## Activity
With pictures left out, output exactly the lines of the listing below from the line that has "Not because of" to the line that has "面条煮硬些捞出使劲甩甩尽量甩", both lines kept.

## The input
= = = = =
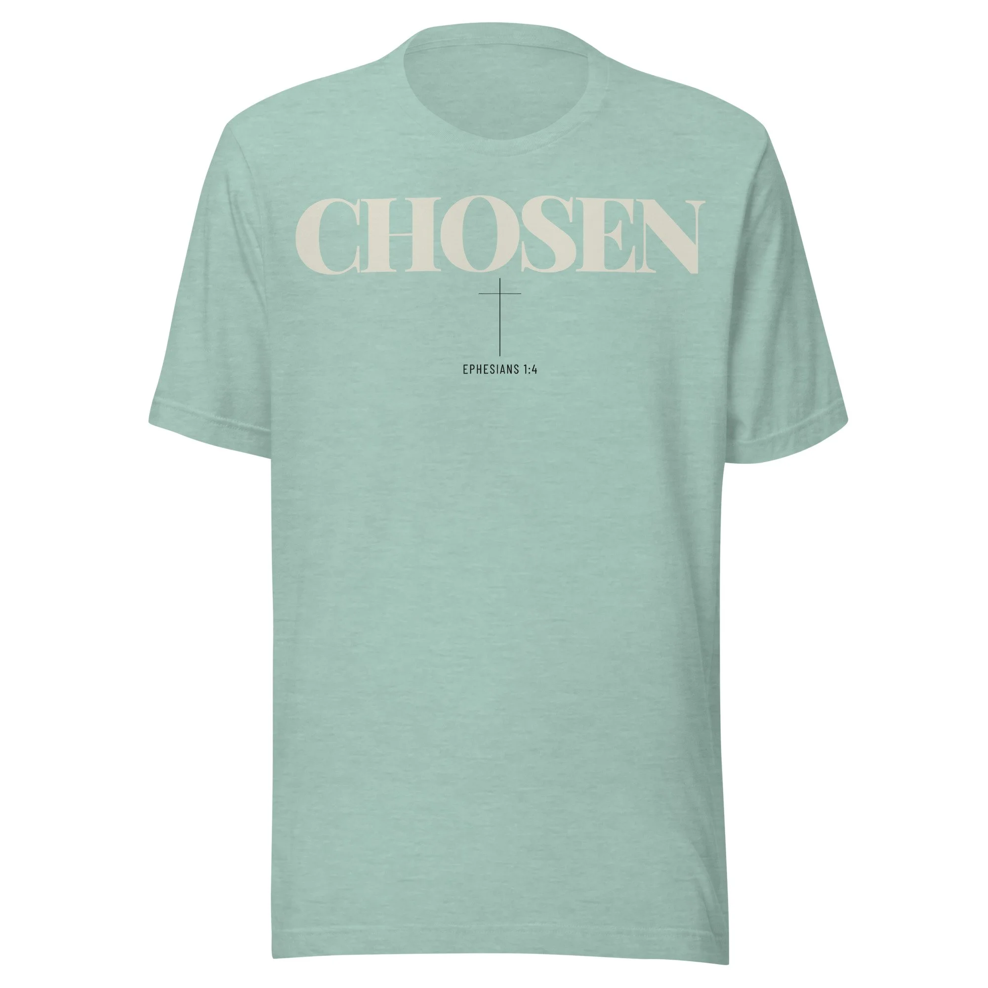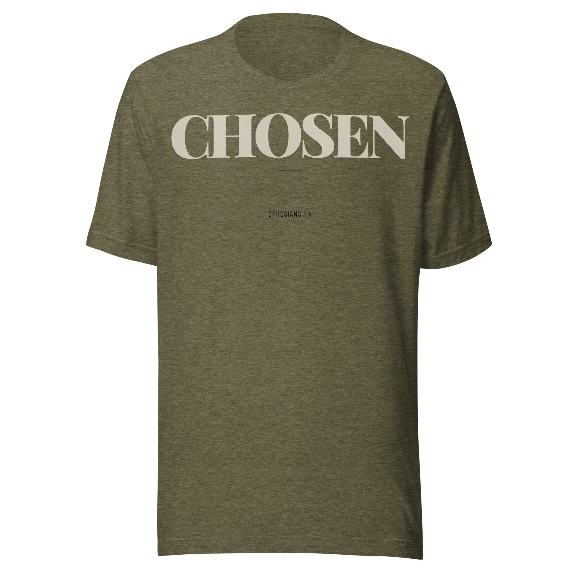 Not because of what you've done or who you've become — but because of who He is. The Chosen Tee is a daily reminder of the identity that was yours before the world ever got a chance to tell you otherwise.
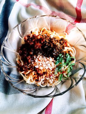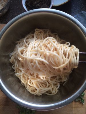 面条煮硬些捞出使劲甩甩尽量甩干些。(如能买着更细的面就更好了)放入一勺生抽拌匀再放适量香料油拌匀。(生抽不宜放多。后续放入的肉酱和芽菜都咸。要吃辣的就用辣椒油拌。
= = = = =
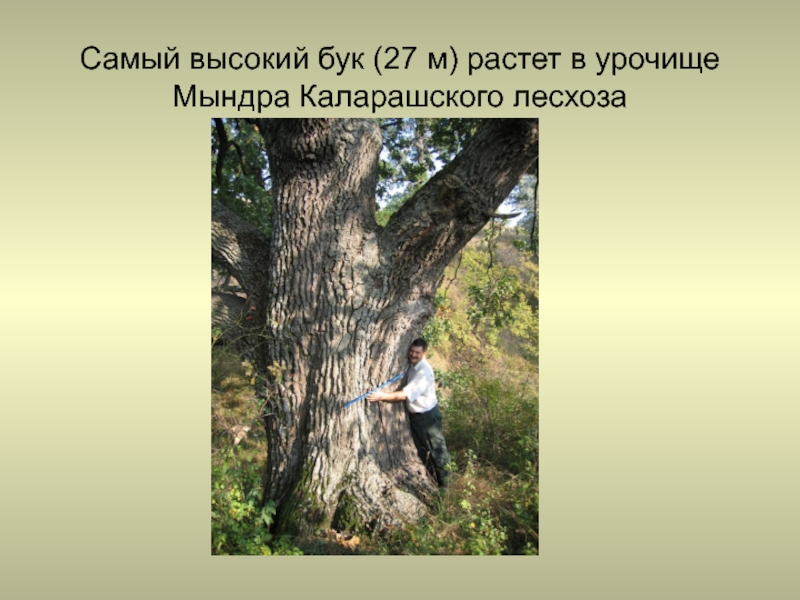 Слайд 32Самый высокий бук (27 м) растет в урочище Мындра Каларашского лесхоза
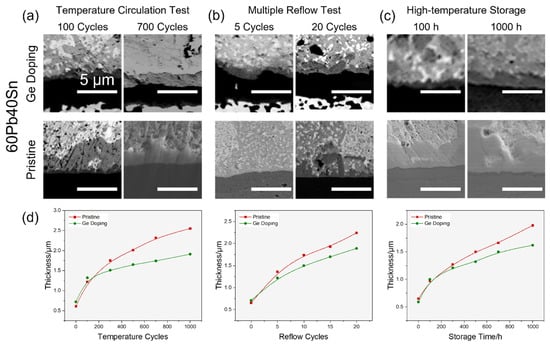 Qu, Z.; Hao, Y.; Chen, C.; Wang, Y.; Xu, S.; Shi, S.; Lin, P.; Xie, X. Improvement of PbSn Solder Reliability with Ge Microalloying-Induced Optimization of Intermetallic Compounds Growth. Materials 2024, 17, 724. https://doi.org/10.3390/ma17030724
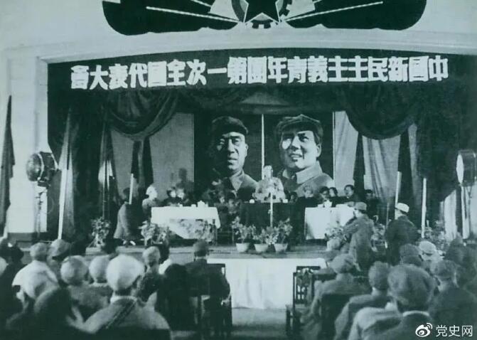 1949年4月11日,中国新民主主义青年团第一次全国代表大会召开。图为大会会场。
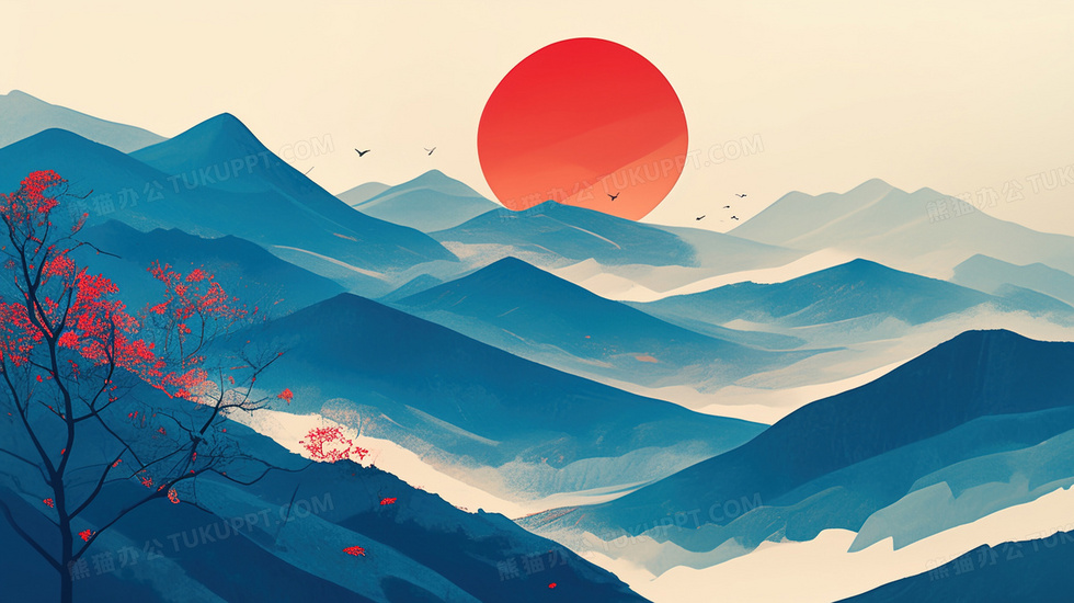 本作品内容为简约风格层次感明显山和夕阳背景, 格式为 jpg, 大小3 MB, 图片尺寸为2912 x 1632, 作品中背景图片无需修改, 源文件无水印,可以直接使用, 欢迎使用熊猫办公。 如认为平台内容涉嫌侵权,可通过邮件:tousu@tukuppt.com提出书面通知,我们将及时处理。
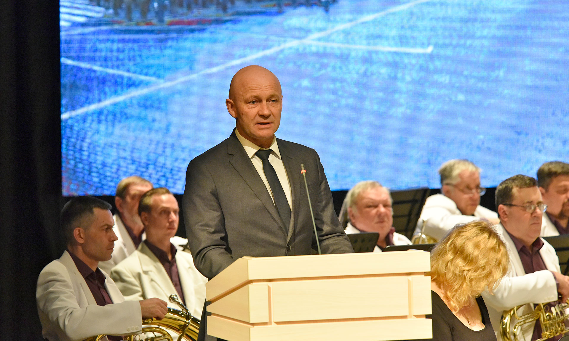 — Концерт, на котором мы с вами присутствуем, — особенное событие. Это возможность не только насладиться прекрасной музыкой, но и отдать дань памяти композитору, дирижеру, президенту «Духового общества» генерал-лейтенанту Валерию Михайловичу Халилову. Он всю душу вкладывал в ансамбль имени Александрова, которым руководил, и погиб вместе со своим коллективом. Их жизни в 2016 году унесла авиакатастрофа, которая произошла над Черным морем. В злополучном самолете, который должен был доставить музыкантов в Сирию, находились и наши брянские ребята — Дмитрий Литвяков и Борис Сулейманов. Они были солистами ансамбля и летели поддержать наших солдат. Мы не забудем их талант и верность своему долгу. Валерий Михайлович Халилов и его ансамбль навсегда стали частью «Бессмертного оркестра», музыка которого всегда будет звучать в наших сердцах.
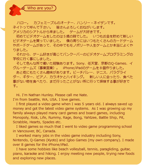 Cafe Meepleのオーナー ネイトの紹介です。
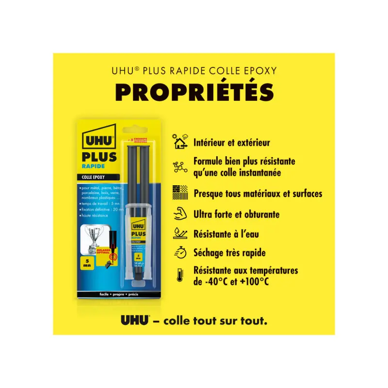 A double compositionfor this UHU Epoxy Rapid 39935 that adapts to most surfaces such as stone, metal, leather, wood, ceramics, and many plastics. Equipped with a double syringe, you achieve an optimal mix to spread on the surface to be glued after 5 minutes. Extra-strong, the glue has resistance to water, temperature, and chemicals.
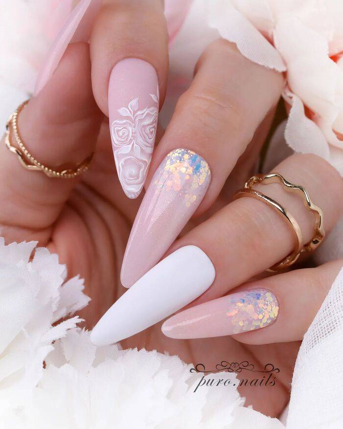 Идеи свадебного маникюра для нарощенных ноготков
= = = = =
## Reply
 Not because of what you've done or who you've become — but because of who He is. The Chosen Tee is a daily reminder of the identity that was yours before the world ever got a chance to tell you otherwise.
 面条煮硬些捞出使劲甩甩尽量甩干些。(如能买着更细的面就更好了)放入一勺生抽拌匀再放适量香料油拌匀。(生抽不宜放多。后续放入的肉酱和芽菜都咸。要吃辣的就用辣椒油拌。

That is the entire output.